1. Conduct a comparable economic and environmental impact assessment for the region by leveraging existing data

It is crucial to have a baseline measurement of how circular economy practices can lift up a region’s economy and bolster existing sustainability efforts. To justify new investment, several industries already conduct economic impact analyses using any number of vetted mechanisms, such as those which leverage RIMS II data from the U.S. Bureau of Economic Analysis. Stakeholders then will use those results to illustrate long term multiplicative impact in GDP growth, jobs created or other positive outcomes. The Great Lakes report uses previous research on the three heavily used materials in the region (steel, plastic, and pulp and paper) to determine impact on the local economy and its greenhouse gas emissions profile. While our research certainly can be used to build the case for circularity’s potential, specific resources in other regional markets may require a more bespoke analysis.

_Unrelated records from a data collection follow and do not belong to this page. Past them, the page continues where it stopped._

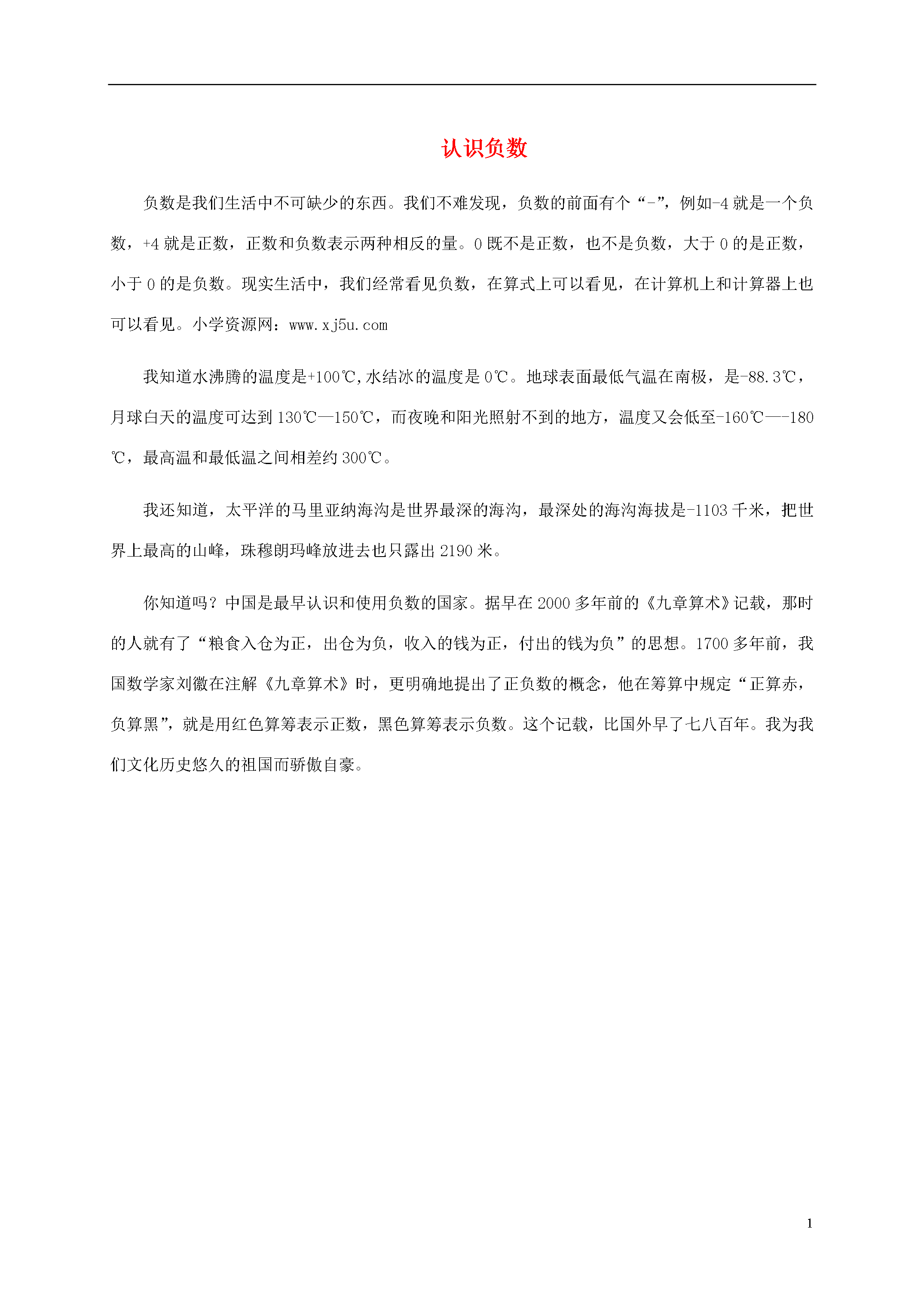 1认识负数负数是我们生活中不可缺少的东西。我们不难发现,负数的前面有个“-”,例如-4就是一个负数,+4就是正数,正数和负数表示两种相反的量。0既不是正数,也不是负数,大于0的是正数,小于0的是负数。现实生活中,我们经常看见负数,在算式上可以看见,在计算机上和计算器上也可以看见。小学资源网:www.xj5u.com我知道水沸腾的温度是+100℃,水结冰的温度是0℃。地球表面最低气温在南极,是-88.3℃,月球白天的温度可达到130℃—150℃,而夜晚和阳光照射不到的地方,温度又会低至-160℃—-180℃,最高温和最低温之间相差约300℃。我还知道,太平洋的马里亚纳海沟是世界最深的海沟,最深处的海沟海拔是-1103千米,把世界上最高的山峰,珠穆朗玛峰放进去也只露出2190米。你知道吗?中国是最早认识和使用负数的国家。据早在2000多年前的《九章算术》记载,那时的人就有了“粮食入仓为正,出仓为负,收入的钱为正,付出的钱为负”的思想。1700多年前,我国数学家刘徽在注解《九章算术》时,更明确地提出了正负数的概念,他在筹算中规定“正算赤,负算黑”,就是用红色算筹表示正数,黑色算筹表示负数。这个记载,比国外早了七八百年。我为我们文化历史悠久的祖国而骄傲自豪。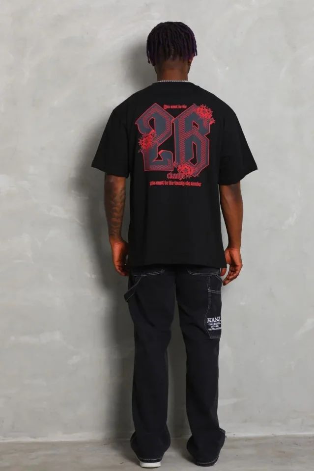 Erkek Baskılı Tişort Kısa Kol Bisiklet Yaka Ovarsize T-Shirt - Siyah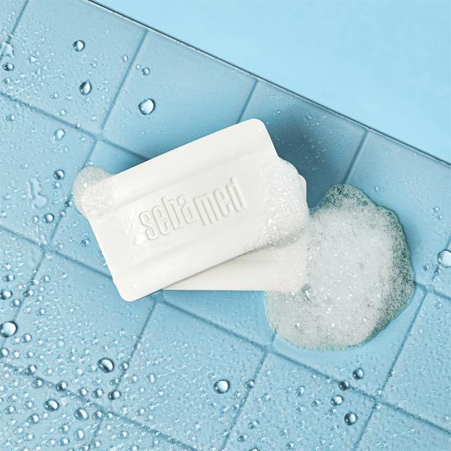 Rub Sebamed Clear Face Cleansing Bar between wet hands to create a gentle lather.

2. Incorporate circular economy practices into broader environmental and climate goals

Once the potential benefits are calculated, circular economy efforts can be incorporated into broader regional climate action targets — such as those recently renewed by Illinois, Wisconsin and Michigan — as clear pathways to achieve them. By aligning circular practices with broader targets, they become instrumental aspects of these public and trackable goals. Explicitly identifying circularity in these plans can provide a strong signal, clearer guidance and greater incentive for the private, public, NGO and community stakeholders whose effective collaboration is crucial.

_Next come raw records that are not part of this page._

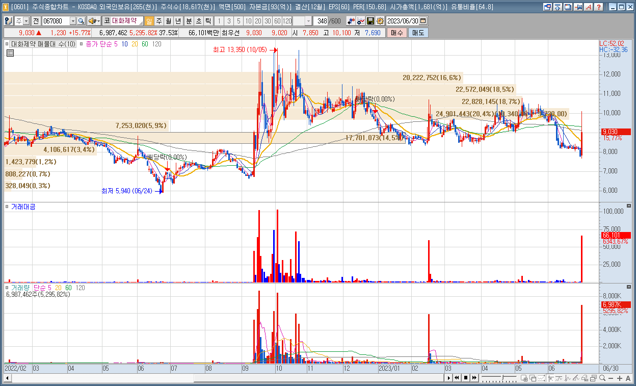 | 6 | 대화제약 | 15.77% | 치매 | 경구형 파클리탁셀 제제로 항암치료제 시장 공략 소식 |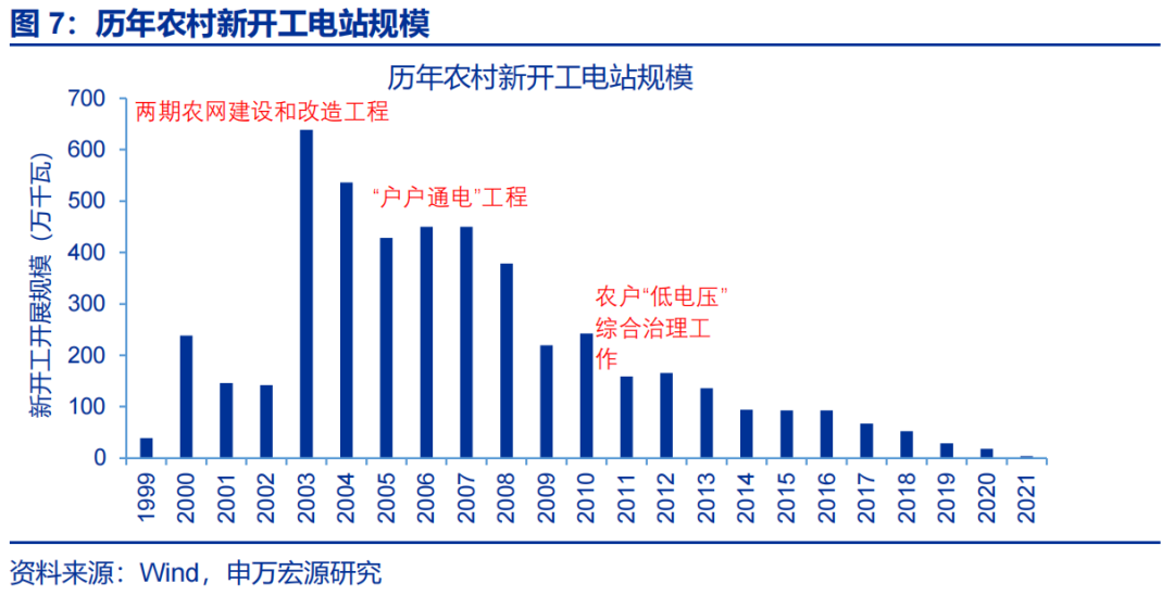 首轮“下乡”政策效果显著,既与央地财政共同补贴有关,也得益于基础设施完善。据商务部披露,从2007年试点开始至2012年9月,中央和地方财政累计投入补贴资金765亿元,实现销售额6597.6亿元,财政乘数达8.6。除央地共同补贴外,首轮下乡政策效果显著也受益于前期持续数年的基础设施完善。1998-2004年,两期农网建设和改造工程历时6年,国家共投入2100多亿元,架设低压电线344万公里。2006年,国家电网公司、南方电网公司推行了以大电网延伸为主的“户户通电”和无电户通电工程。截至2008年底,国家电网和南方电网分别解决416万、16.6万无电人口的通电问题,为后续家电下乡政策全国推行奠定电力设施基础。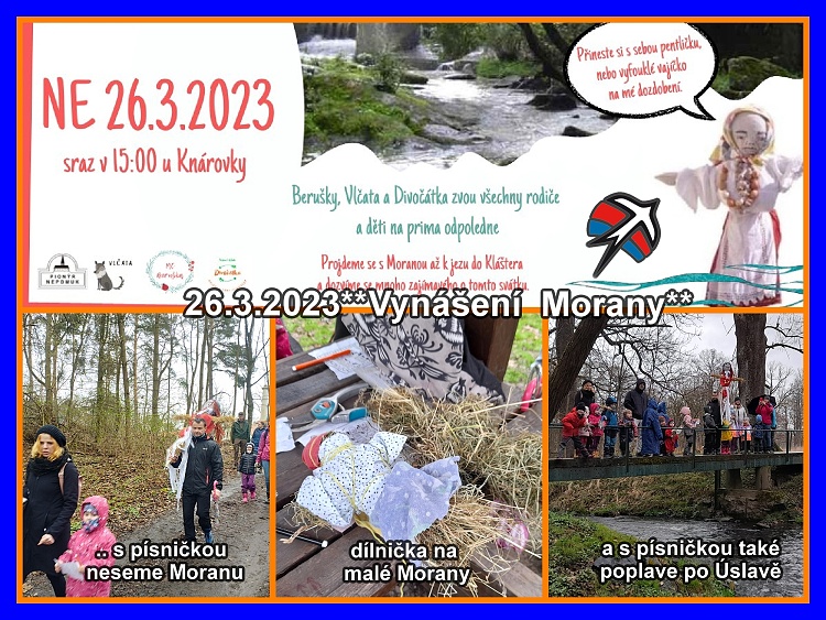 Na smrtnou neděli se v Nepomuku odnášela Morana – na této rodinné akci pro širokou veřejnost se společně přivolávalo jaro písničkami, jarními úkoly i tradicemi, které jsou s vynášením zimy spojené. Sice nám počasí moc nepřálo, ale nenechali jsme se odradit a i ti nejmenší hezky dozdobili Moranu, kterou vyrobily děti s maminkami z pionýrské skupiny Vlčata a po cestě k jezu do Kláštera děti nadšeně („déšť nedéšť“) plnily jarní úkoly. Malé Morany si měly šanci vyrobit všichni, kteří se zapojili do tvoření od lesního klubu Divočátka, Berušky zase připravily Morany „na zub“ ze sušeného ovoce. Největší zážitek ovšem přinesla sama Morana, když v proudu vody rychle uplavala a děti ji podél břehu vyprovázely jak se patří – kameny a klacky, aby ta zima skutečně odešla. Teplý čaj a domácí dobroty pak přišly vhod a smlsli si na nich jak malý, tak i velcí. Děkujeme za spolupráci všem, kteří se na akci podíleli, bylo to moc příjemné odpoledne!**KB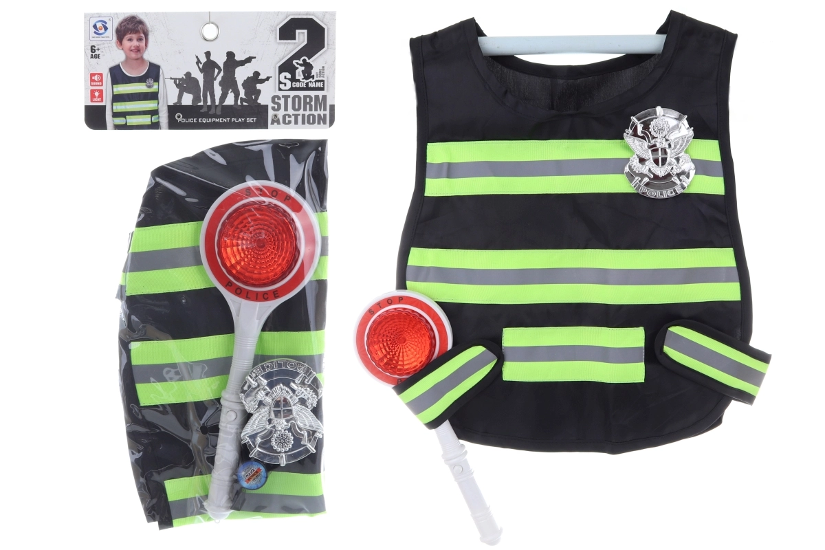 Šis policijos rinkinys – puikus pasirinkimas vaikams, kurie mėgsta veiksmo žaidimus ir gelbėjimo tarnybų pasaulį. Lengva liemenė su ženkleliu ir veikiantis šviečiantis pliaukštukas suteikia žaidimui realistiškumo ir linksmins ilgoms valandoms. Dėl pridedamų baterijų rinkinys iškart paruoštas naudojimui.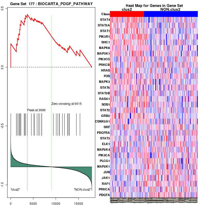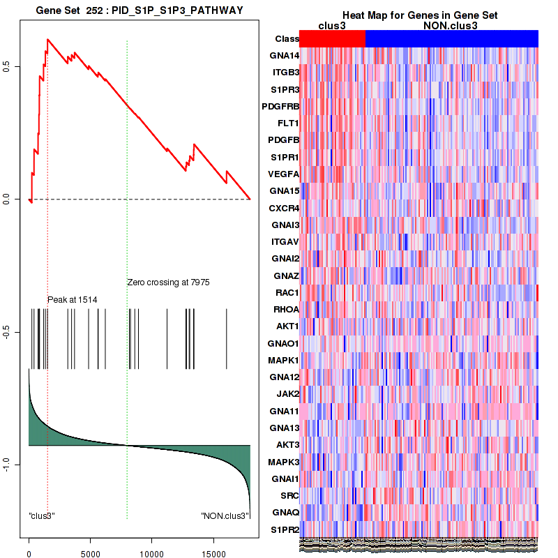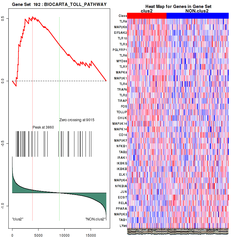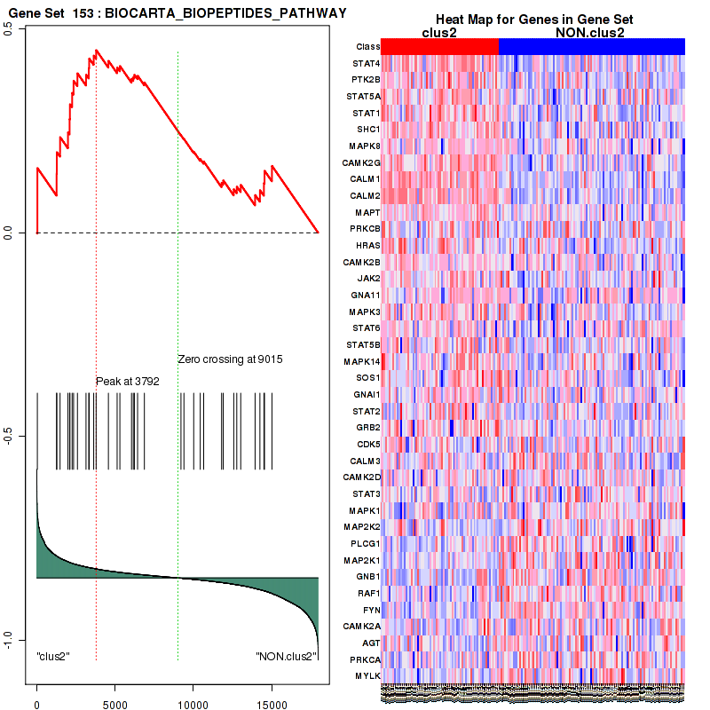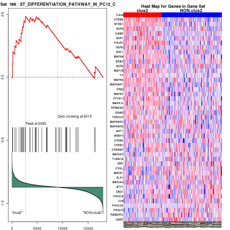 Table S1. Get Full Table This table shows a Running Enrichment Score (RES) of each gene in this pathway, that is, the enrichment score at this point in the ranked list of genes. All genes are ranked by Signal-to-Noise (S2N), a measure of similarity as default and are used to obtain ES matrix of all genes. In this way, GSEA tool uses expression pattern of not only overlapped genes but also not-overlapped genes to produce ES matrix.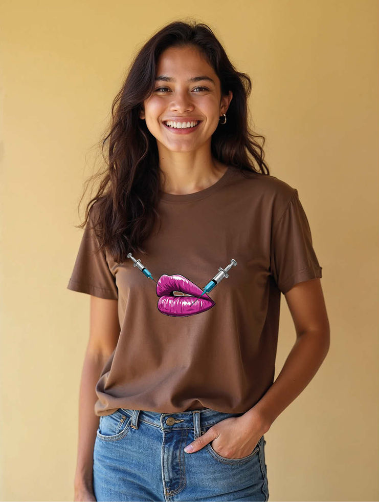 Pink Lips with Cosmetic Syringes Modern Women’s Printed Graphic Streetwear Tees

3. Encourage the necessary partnerships and collaboration

Many corporate efforts towards sustainability, such as increased recycling rates, reduced water usage or zero waste goals, require only a handful of partners and financial investment. In contrast, companies cannot be circular without joining an entire ecosystem of enabling actors that can serve as secondary markets, recovered material suppliers and otherwise assist in closing the loop. Private sector support for business models that better foster circularity and cross-sector collaboration, such as value creation for waste streams, can lead to increased adoption of circular practices by a wider array of businesses and stakeholders.

Looking forward

Ultimately, creating the economic and environmental case for the circular economy in regions across North America can put us on a path toward reduced waste, increased value from products and reduced levels of harmful emissions. The social benefits are equally significant, ranging from increased job creation to meaningfully contributing to the 2030 Agenda for Sustainable Development. With this report, the U.S. Chamber Foundation hopes to accelerate circularity in the Great Lakes Region by creating an environment where leading circular businesses can deepen their own efforts, inspire and educate businesses in the earlier stages, and stakeholders across the public and private sector can synchronize efforts. Moreover, we hope to provide a model through which other regions can gauge potential impact and refine an actionable agenda that cuts across borders to enable a circular economy at scale.